1. Help Center
  2. Training Text Models

3. Data Preparation

Transcribe at least 25 pages before training a Text Recognition model: these pages will be the data (Ground Truth) on which the model will train itself and learn to recognise a new script


Before starting the training of a Text Recognition model, you need to prepare the Ground Truth data, i.e. the images and the corresponding accurate transcriptions on which the model will learn. 

Ground Truth is a term used in Machine Learning. In Transkribus, it is used to indicate the images and the corresponding transcriptions used to train the Artificial Intelligence. The transcriptions should be as accurate as possible because any mistake in the Ground Truth will train the model to learn something wrong. 

Depending on the type of material and the number of hands, between 5,000 and 15,000 words (around 25-75 pages) of transcribed material are required to start. In general, the neural networks of the Text Recognition engine learn quickly: the more training data they have, the better the results will be.

If you are working on printed material, 5,000 words should be sufficient to achieve a good Character Error Rate.

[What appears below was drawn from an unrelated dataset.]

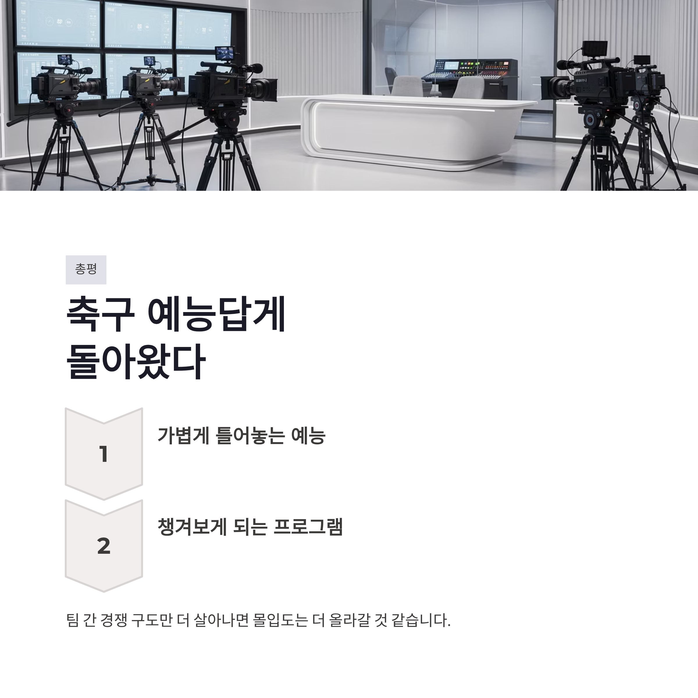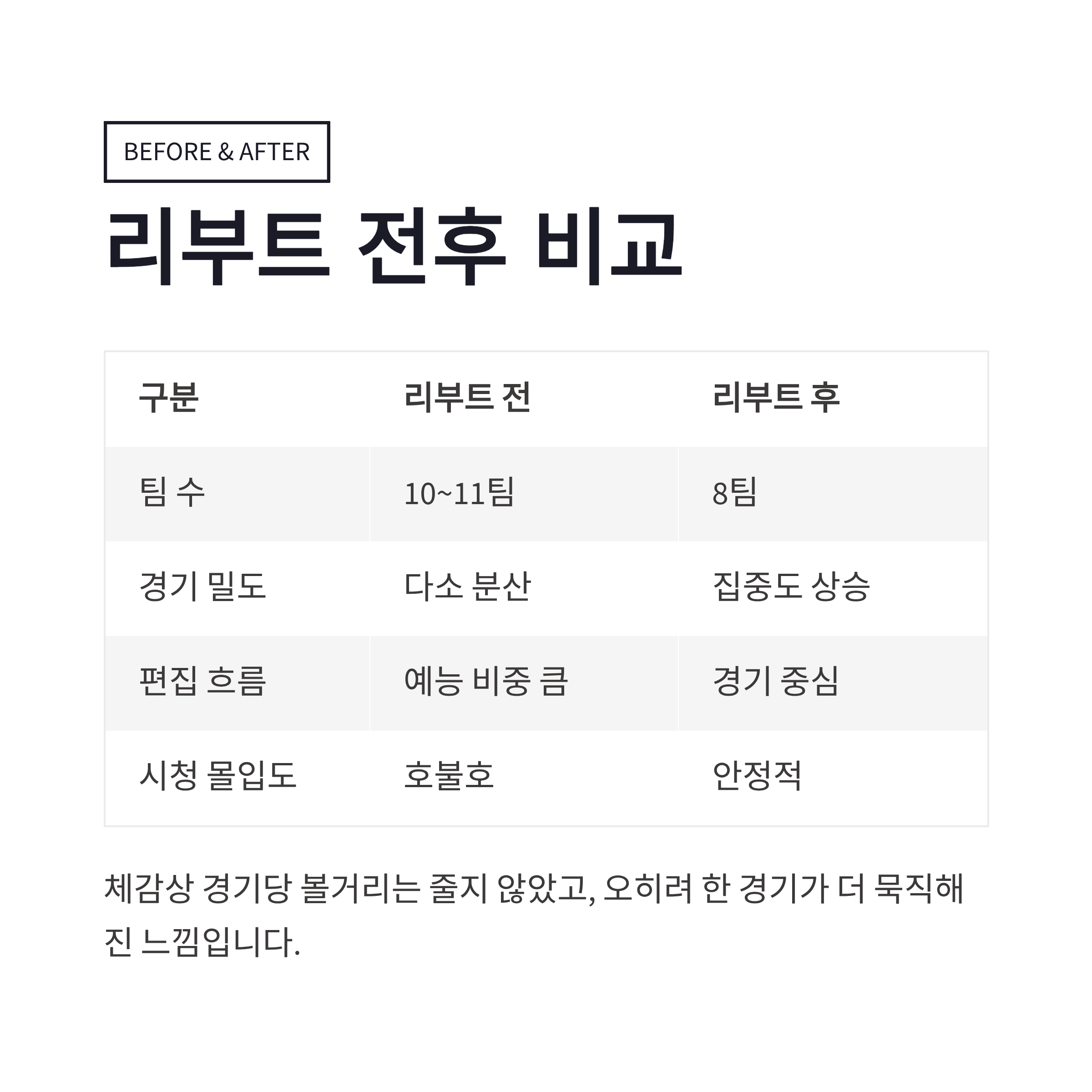 | 편집 흐름 | 예능 비중 큼 | 경기 중심 |

In the case of handwritten documents, our advice is to train the model on at least 10,000 words for each hand. Models trained on a large training data (more than 100,000 words) comprising many hands from the same period and region should be capable of recognising hands not seen in any way during the training: the results, however, will probably be somewhat worse than the Character Error Rate (which is measured on the Validation Data).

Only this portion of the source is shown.